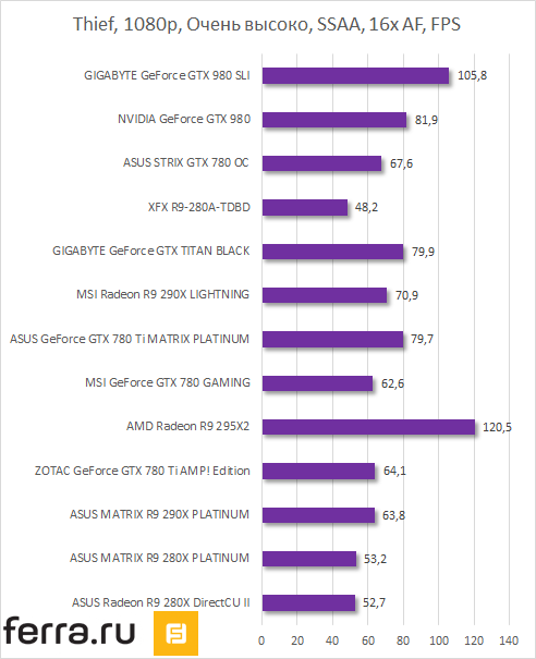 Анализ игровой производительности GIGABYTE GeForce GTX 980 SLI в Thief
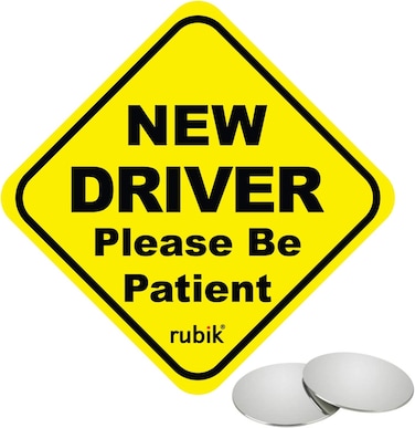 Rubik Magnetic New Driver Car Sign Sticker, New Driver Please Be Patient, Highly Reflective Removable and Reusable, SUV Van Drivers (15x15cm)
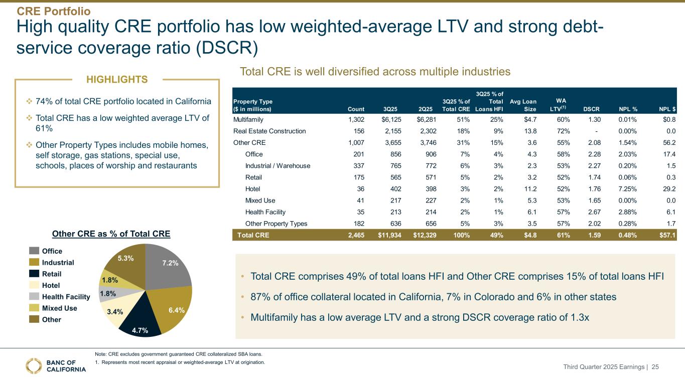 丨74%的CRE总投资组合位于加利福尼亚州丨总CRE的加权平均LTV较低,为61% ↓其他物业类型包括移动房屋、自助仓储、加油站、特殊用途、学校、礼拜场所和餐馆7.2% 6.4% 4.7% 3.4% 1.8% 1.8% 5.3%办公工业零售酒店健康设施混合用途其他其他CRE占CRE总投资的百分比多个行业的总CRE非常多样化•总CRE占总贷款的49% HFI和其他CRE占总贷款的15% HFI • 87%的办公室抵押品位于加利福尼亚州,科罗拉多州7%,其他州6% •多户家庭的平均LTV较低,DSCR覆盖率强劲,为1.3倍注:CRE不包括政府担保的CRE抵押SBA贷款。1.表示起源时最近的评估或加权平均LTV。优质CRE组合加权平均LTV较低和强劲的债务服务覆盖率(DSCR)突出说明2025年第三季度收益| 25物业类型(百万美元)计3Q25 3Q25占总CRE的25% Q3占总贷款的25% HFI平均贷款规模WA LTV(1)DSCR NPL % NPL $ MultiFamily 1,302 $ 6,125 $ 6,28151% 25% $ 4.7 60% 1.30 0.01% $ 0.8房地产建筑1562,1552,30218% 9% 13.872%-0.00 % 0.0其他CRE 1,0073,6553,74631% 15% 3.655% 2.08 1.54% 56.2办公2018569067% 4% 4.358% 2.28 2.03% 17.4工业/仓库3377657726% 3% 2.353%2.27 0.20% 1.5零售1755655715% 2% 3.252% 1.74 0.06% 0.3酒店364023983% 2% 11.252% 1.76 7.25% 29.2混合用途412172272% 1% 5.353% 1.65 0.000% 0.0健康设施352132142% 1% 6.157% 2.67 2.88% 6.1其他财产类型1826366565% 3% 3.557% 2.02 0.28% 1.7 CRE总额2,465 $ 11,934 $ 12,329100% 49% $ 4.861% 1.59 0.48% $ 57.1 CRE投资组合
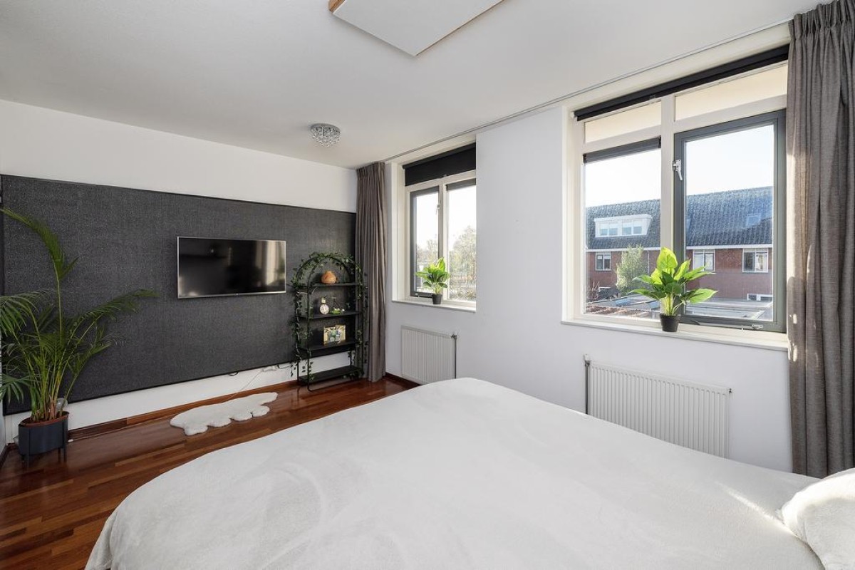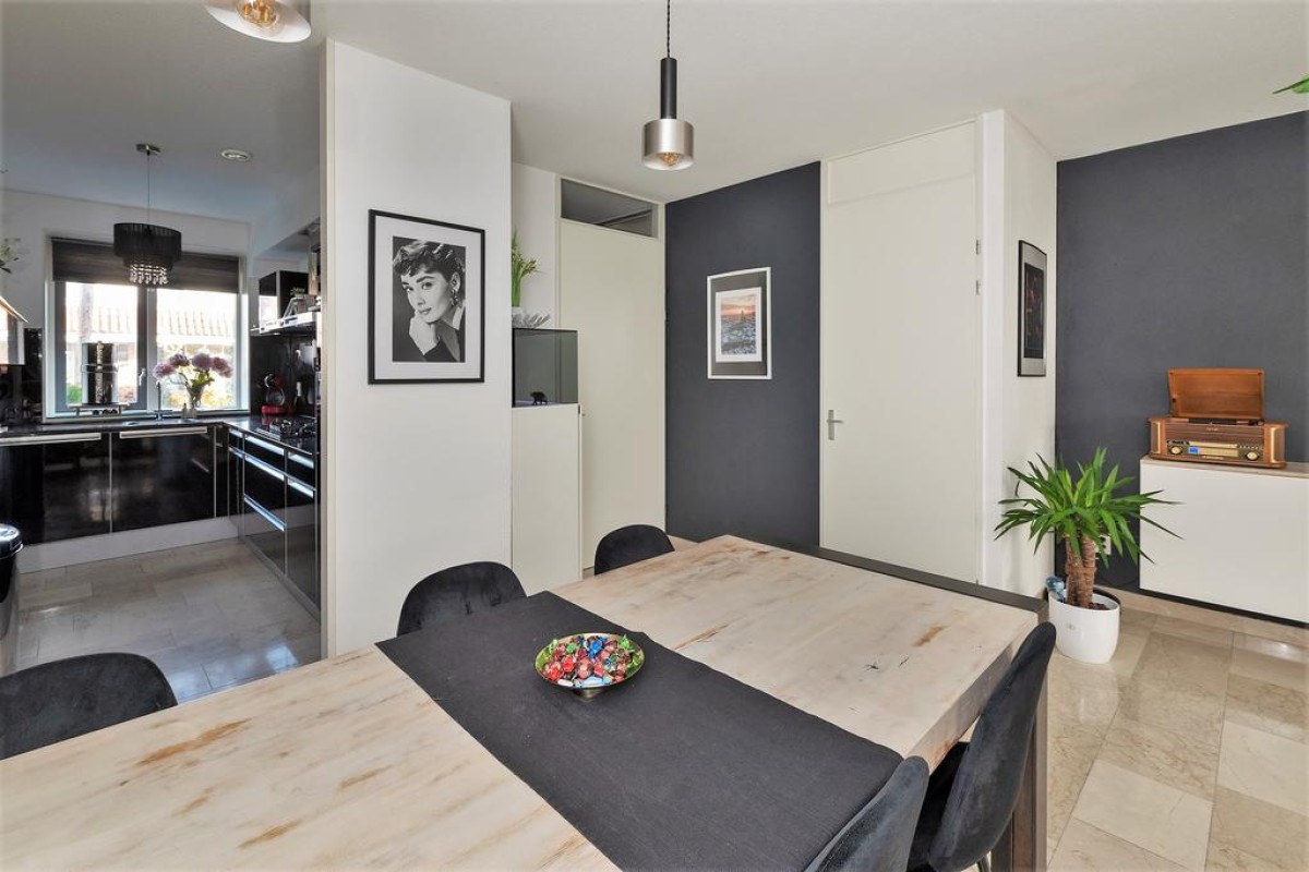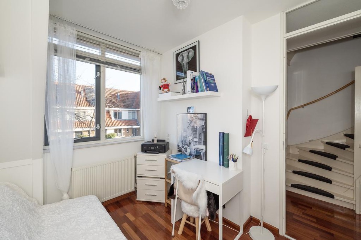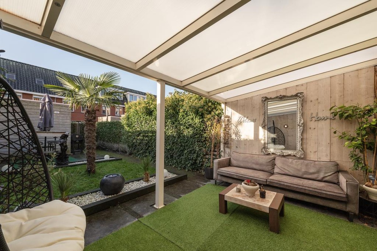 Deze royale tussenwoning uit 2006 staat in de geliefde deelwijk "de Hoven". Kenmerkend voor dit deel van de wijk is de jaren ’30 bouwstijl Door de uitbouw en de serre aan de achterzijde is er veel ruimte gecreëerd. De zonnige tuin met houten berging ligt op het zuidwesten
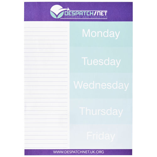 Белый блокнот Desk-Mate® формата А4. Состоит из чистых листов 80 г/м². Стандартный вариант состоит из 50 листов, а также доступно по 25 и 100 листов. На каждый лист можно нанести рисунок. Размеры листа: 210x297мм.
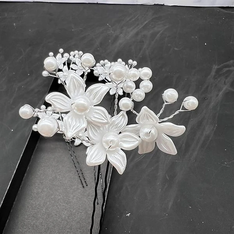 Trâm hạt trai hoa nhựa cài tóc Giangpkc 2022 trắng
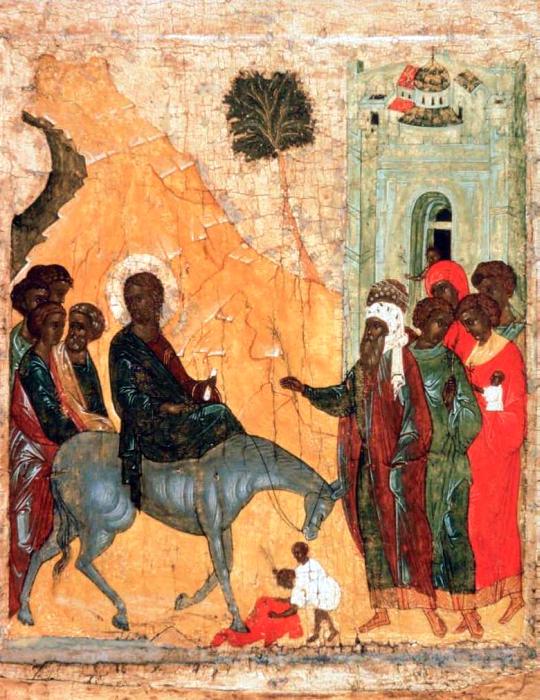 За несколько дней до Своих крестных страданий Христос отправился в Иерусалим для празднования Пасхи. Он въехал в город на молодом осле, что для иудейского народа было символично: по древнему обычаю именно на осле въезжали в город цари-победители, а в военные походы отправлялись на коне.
================
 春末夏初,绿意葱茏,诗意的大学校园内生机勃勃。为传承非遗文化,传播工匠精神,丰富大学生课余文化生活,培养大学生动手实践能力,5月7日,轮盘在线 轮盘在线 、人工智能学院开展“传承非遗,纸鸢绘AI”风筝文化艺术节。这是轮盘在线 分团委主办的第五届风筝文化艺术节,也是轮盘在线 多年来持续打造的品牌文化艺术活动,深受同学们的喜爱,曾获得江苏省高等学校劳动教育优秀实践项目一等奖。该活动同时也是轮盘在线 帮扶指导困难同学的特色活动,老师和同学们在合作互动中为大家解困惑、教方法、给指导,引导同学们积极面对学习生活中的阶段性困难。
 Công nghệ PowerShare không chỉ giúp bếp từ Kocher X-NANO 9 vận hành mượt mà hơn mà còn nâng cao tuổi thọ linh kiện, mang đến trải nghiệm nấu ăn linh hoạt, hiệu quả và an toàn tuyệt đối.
================
- **ASSIGNED TASK**
Only the lines of the listing above from the one with "Trâm hạt trai" through the one with "За несколько дней" should be output, exactly, with both ends kept and pictures left out.

- **RESULT OF THE TASK**
 Trâm hạt trai hoa nhựa cài tóc Giangpkc 2022 trắng
 За несколько дней до Своих крестных страданий Христос отправился в Иерусалим для празднования Пасхи. Он въехал в город на молодом осле, что для иудейского народа было символично: по древнему обычаю именно на осле въезжали в город цари-победители, а в военные походы отправлялись на коне.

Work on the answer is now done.